# Flattening lists

Discussion in 'Python' started by mk, Feb 5, 2009.

1. ### mkGuest

Hello everybody,

Any better solution than this?

def flatten(x):
res = []
for el in x:
if isinstance(el,list):
res.extend(flatten(el))
else:
res.append(el)
return res

a = [1, 2, 3, [4, 5, 6], [[7, 8], [9, 10]]]
print flatten(a)

[1, 2, 3, 4, 5, 6, 7, 8, 9, 10]

Regards,
mk

mk, Feb 5, 2009

2. ### Mark DickinsonGuest

On Feb 5, 1:17 pm, mk <> wrote:
> Hello everybody,
>
> Any better solution than this?
>
> def flatten(x):

Just out of interest, how often do people really need
such a recursive flatten, as opposed to a single-level
version?

I often find myself needing a 'concat' method that
turns a list of lists (or iterable of iterables) into
a single list; itertools.chain does this quite nicely.
But I don't think I've ever encountered a need for the
full recursive version.

Mark

Mark Dickinson, Feb 5, 2009

3. ### Michele SimionatoGuest

On Feb 5, 2:17 pm, mk <> wrote:
> Hello everybody,
>
> Any better solution than this?
>
> def flatten(x):
>      res = []
>      for el in x:
>          if isinstance(el,list):
>              res.extend(flatten(el))
>          else:
>              res.append(el)
>      return res
>
> a = [1, 2, 3, [4, 5, 6], [[7, 8], [9, 10]]]
> print flatten(a)
>
> [1, 2, 3, 4, 5, 6, 7, 8, 9, 10]
>
> Regards,
> mk

Looks fine to me. In some situations you may also use hasattr(el,
'__iter__') instead of isinstance(el, list) (it depends if you want to
flatten generic iterables or only lists).
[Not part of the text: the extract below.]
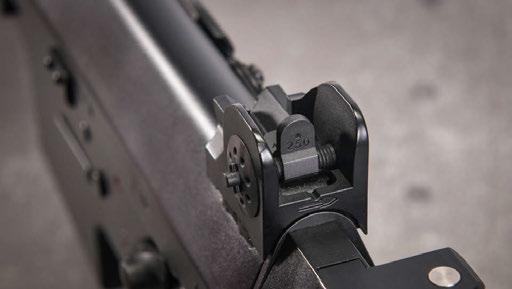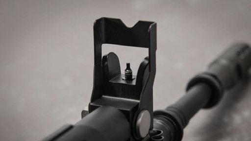 “THE MONOLITHIC UPPER RECEIVER HAS A TYPICAL FULL LENGTH PICATINNY ADAPTOR RAIL FOR OPTICS-MOUNTING ALONG WITH THE SUPPLIED FLIP-UP BACKUP IRON SIGHTS WHICH HAVE PISTOL STYLE SIGHTS ON TOP IN THEIR STOWED POSITION AND ADJUSTABLE FRONT BLADE AND REAR GHOST RING WHEN DEPLOYED, OFFERING PLENTY OF FLEXIBILITY”
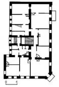 Триповерховий з підвалом, цегляний, тинькований, у плані Г-подібний. Перекриття пласкі, у підвалі склепінчасті.

Michele Simionato, Feb 5, 2009
4. ### mkGuest

Mark Dickinson wrote:
> I often find myself needing a 'concat' method that
> turns a list of lists (or iterable of iterables) into
> a single list; itertools.chain does this quite nicely.
> But I don't think I've ever encountered a need for the
> full recursive version.

You're most probably right in this; however, my main goal here was
finding 'more Pythonic' way of doing this and learning this way rather
than the practical purpose of flattening deeply nested lists.

Regards,
mk

mk, Feb 5, 2009
5. ### mkGuest

Michele Simionato wrote:

> Looks fine to me. In some situations you may also use hasattr(el,
> '__iter__') instead of isinstance(el, list) (it depends if you want to
> flatten generic iterables or only lists).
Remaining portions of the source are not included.